My controllers or “prison guards” are as followed:

1.           My disability.  It tells my body what it can and can’t most, most of it cants.  It puts me in severe amounts of physical discomfort pain that I have no choice to get of aside from heavy narcotics which is its own type of torture.  The quadriparesis weakness I have no choice but to accept.    
2.           My government.  It tells I can’t have a substantial income without losing my insurance and my attendant care services.  It tells me I must stay welfare poor, living in a ghetto in subsidized housing.  Of course I feel like a prisoner, there are bars on my windows.  It tells me that if I am ever to try to go to college, have a career like those I admire, I will be screwing myself over.  Because I am chronically ill and disabled, I must not be anyone of authority to those who are not disabled.  I am not allowed to marry a person with an income greater than mine without losing what little independence and freedom I have. 
3.           My society.   It tells me where I can and can’t go.  It ignores me and people like me with barriers of architecture, keeping the minds of people ignorant and inaccessible. 

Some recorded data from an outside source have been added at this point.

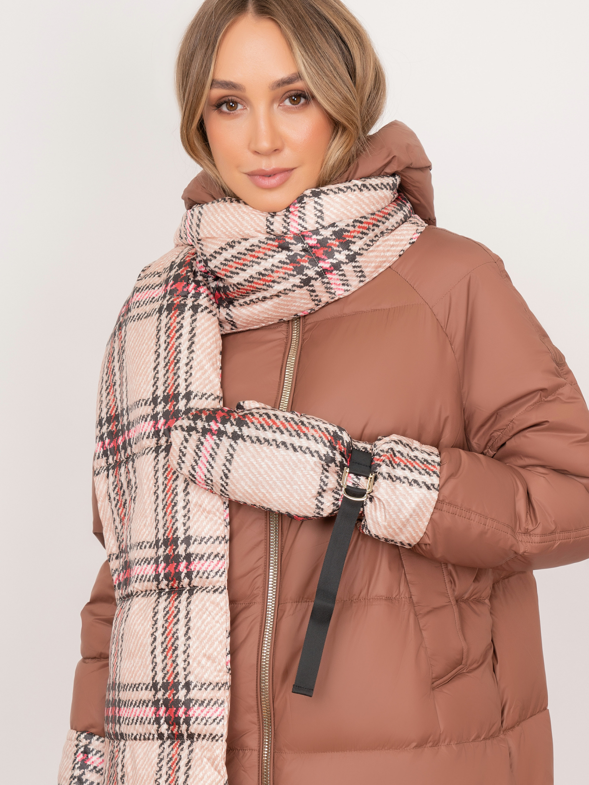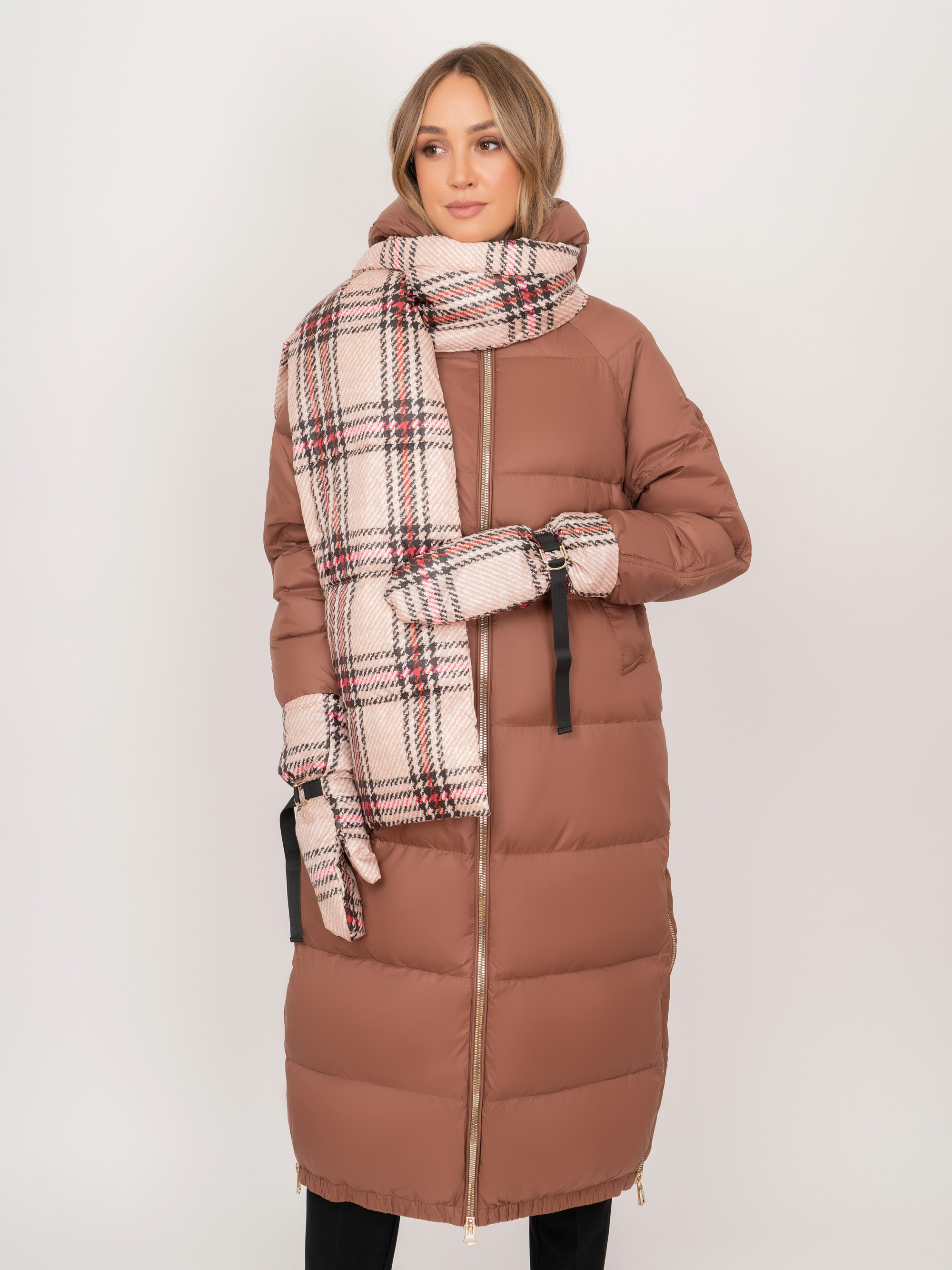 На сайте указаны российские размеры. Прямое утепленное пальто на молнии, с капюшоном, с прорезными карманами, с боковыми разрезами на молнии. В комплект входит дутый теплый бежевый шарф и варежки из плащевой ткани в яркую клетку. Длина по спинке: 115 см. Рост модели: 175 см.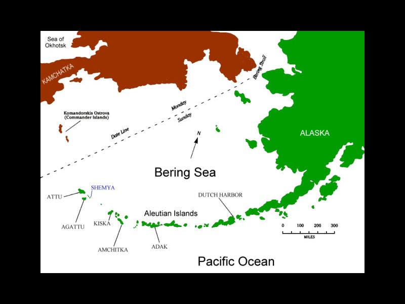 But back to Bering and Steller. On the return voyage, the crew was stranded on Bering Island, in the Commander Chain in the Bering Sea, where they had to overwinter, and most of the crew, including Commander Bering, died of scurvy. But Steller took the opportunity, if that is what it was, to study the animal life, and he was the first to observe the remarkable sea cow now known as Steller's sea cow. It stretched nearly twenty-five feet long, was quite peaceful, and fed on kelp. There is no illustration of Steller’s sea cow in the Fauna Boreali-Americana because, within thirty years of discovery, it had been hunted to extinction. The best we can do is show you a skeleton that has been preserved in the Finnish Museum of Natural History (second image). The Commander Islands are shown on this map (just above the date line) although Bering Island is not marked (third image)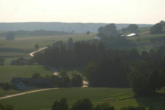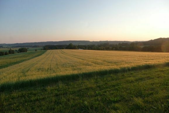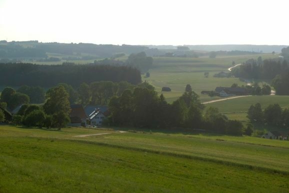 Nachdem Verlassen des Waldes bot sich den Pilgern ein wunderschöner Blick über die in ein weiches Abendlicht getauchte hügelige Voralpenlandschaft.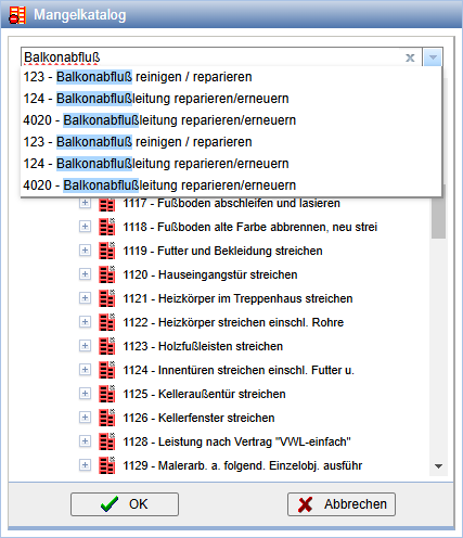 Bei der Auswahl von Mängeln und Störungen wird ein entsprechender Katalog bereitgestellt. Dieser beinhaltet ein Suchfeld, das die Suche nach bestimmten Mängeln und Störungen vereinfacht.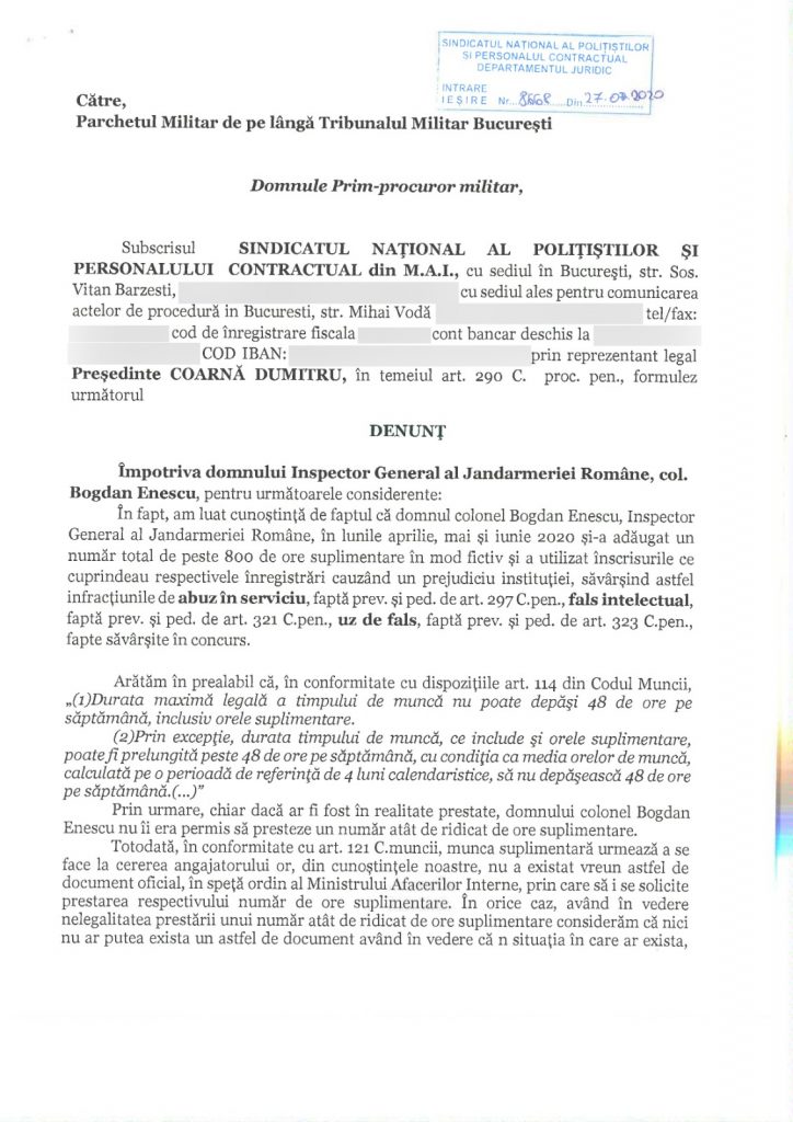 Dumitru Coarnă, președintele Sindicatului Național al Polițiștilor și Personalului Contractual (SNPPC) a arătat în denunțul depus la Parchetul Militar București că, în lunile aprilie, mai şi iunie 2020 Bogdan Enescu „şi-a adăugat un număr total de peste 800 de ore suplimentare în mod fictiv şi a utilizat înscrisurile ce cuprindeau respectivele înregistrări cauzând un prejudiciu instituţiei, săvârşind astfel infracţiunile de abuz în serviciu și fals intelectual, fapte săvârşite în concurs”.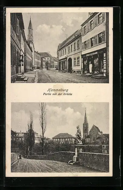AK Hammelburg, Strassenpartie mit Café Gossmann, Partie an der Brücke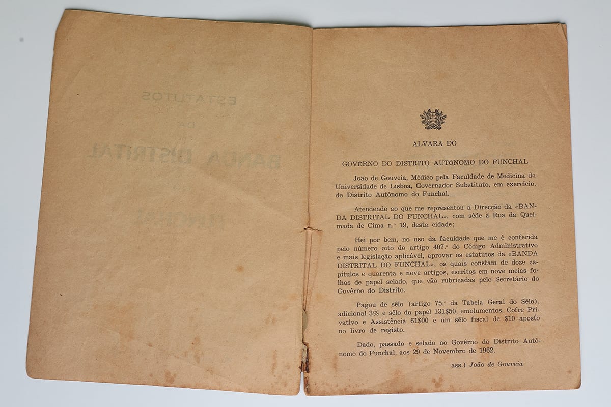 La Banda Distrital do Funchal a dans ses domaines un livre de statuts, du 9 novembre 1962, que nous considérons comme le plus ancien. Une particularité de ces statuts est qu’ils ont été dactylographiés et imprimés, habituellement les statuts ont été manuscrits dans les procès-verbaux dans certains cas.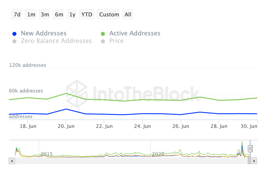 Når en eiendel ser en økning i daglige aktive og nye adresser, betyr det at flere investorer kjøper. Generelt blir økt nettverksaktivitet ofte sett på som en indikator på positivt markedssentiment og potensial for fremtidig vekst.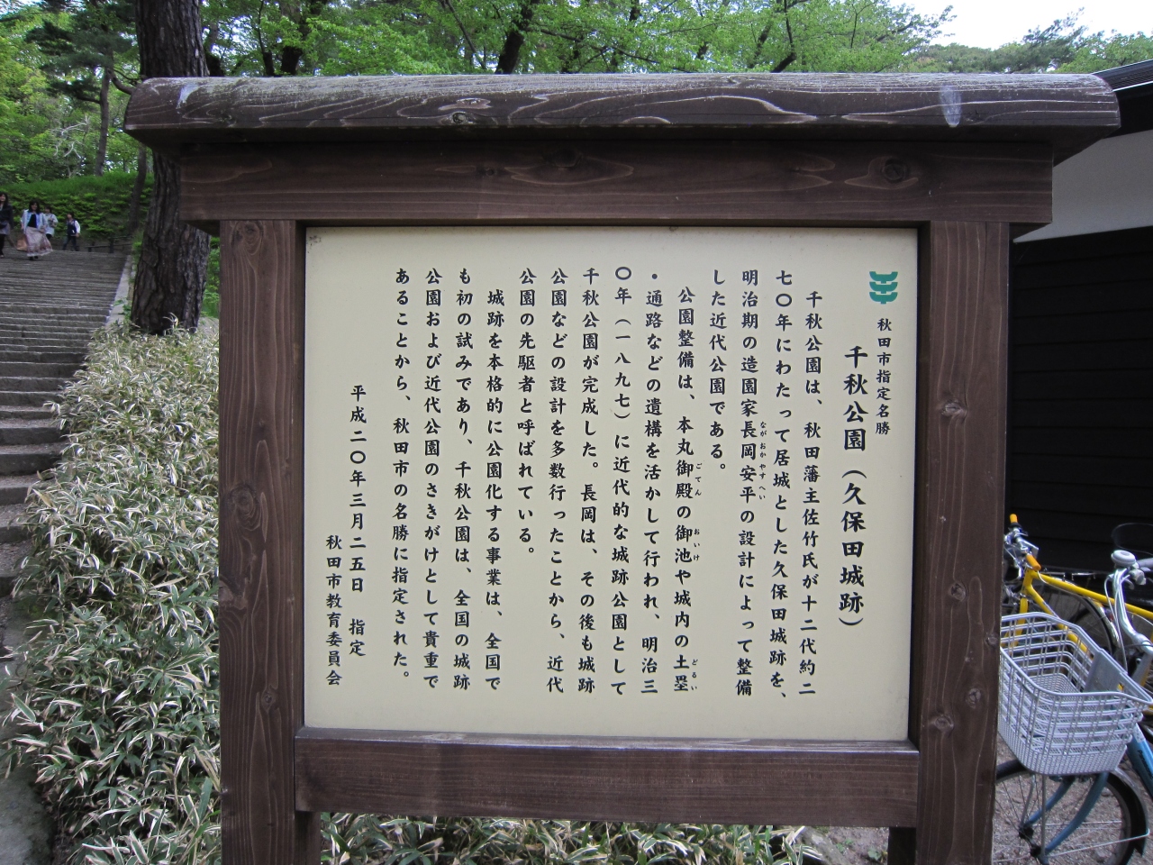 また、園内には県民会館や市立図書館、そして久保田藩主の佐竹氏の資料館が併設されていました。また、広場には子供連れの家族が多数遊んでいました。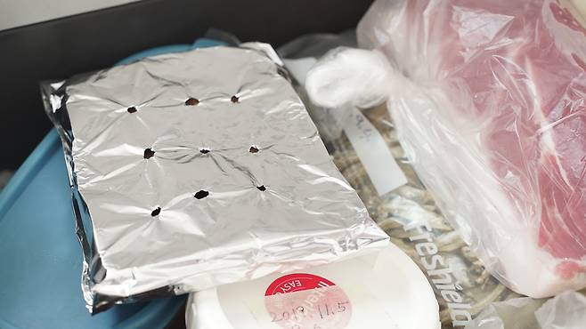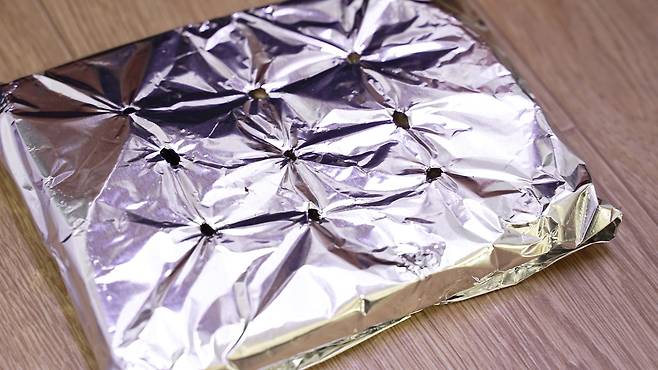새까맣게 태운 빵을 포일에 넣고 숨구멍을 여러 군데 뚫어 줍니다. 그냥 넣어도 되지만 이렇게 두면보다 깔끔하게 보관이 가능해요.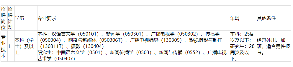 本次公開招聘全媒體記者1名。具體崗位計劃見下表: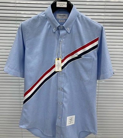 • [홍콩명품.THOME BROWNE] 톰브라운 24SS 로고 3선 반팔 남방 셔츠 (2컬러), BM14852, TB1, 홍콩명품의류,구매대행,온라인명품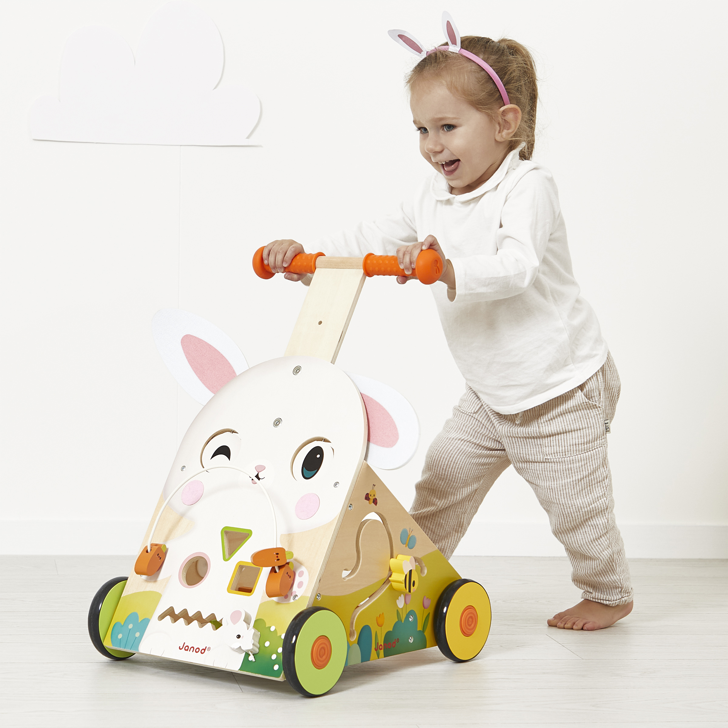 Faites place au plus mignon des compagnons : notre lapinou blanc aux grands yeux accompagne bébé dès 12 mois dans ses premiers pas et ses découvertes. Ce chariot multi-activités en bois propose 9 jeux ludiques sur 3 faces pour développer la motricité, la dextérité et la coordination : circuit looping avec carottes, boîte à formes, petite souris dans un labyrinthe, labyrinthe abeille, engrenages et soleil sonore. Les yeux rotatifs, les joues et les oreilles en feutrine stimulent le toucher, et les oreilles sont amovibles grâce à des attaches scratch pour encore plus de fun !

     With acknowledging these controllers in my life I can accept them even less.  The Stanford experiment was shut down after seven days because it was deemed as inhumane.  This is a lifetime of imprisonment without crime for many people unless it is changed by those in power.  The doctors, the politicians, the communities.  They need compassion; they need to make the choice to be compassionate.  Otherwise they are just as abusive as those prison guards, who in the end repented and felt horrible for their actions.  I can beg until I break for change, but I cannot make that happen.   I am not a criminal, but I do not know who I fully am because I am not given the authority to be that person.  This is why I’m crazy.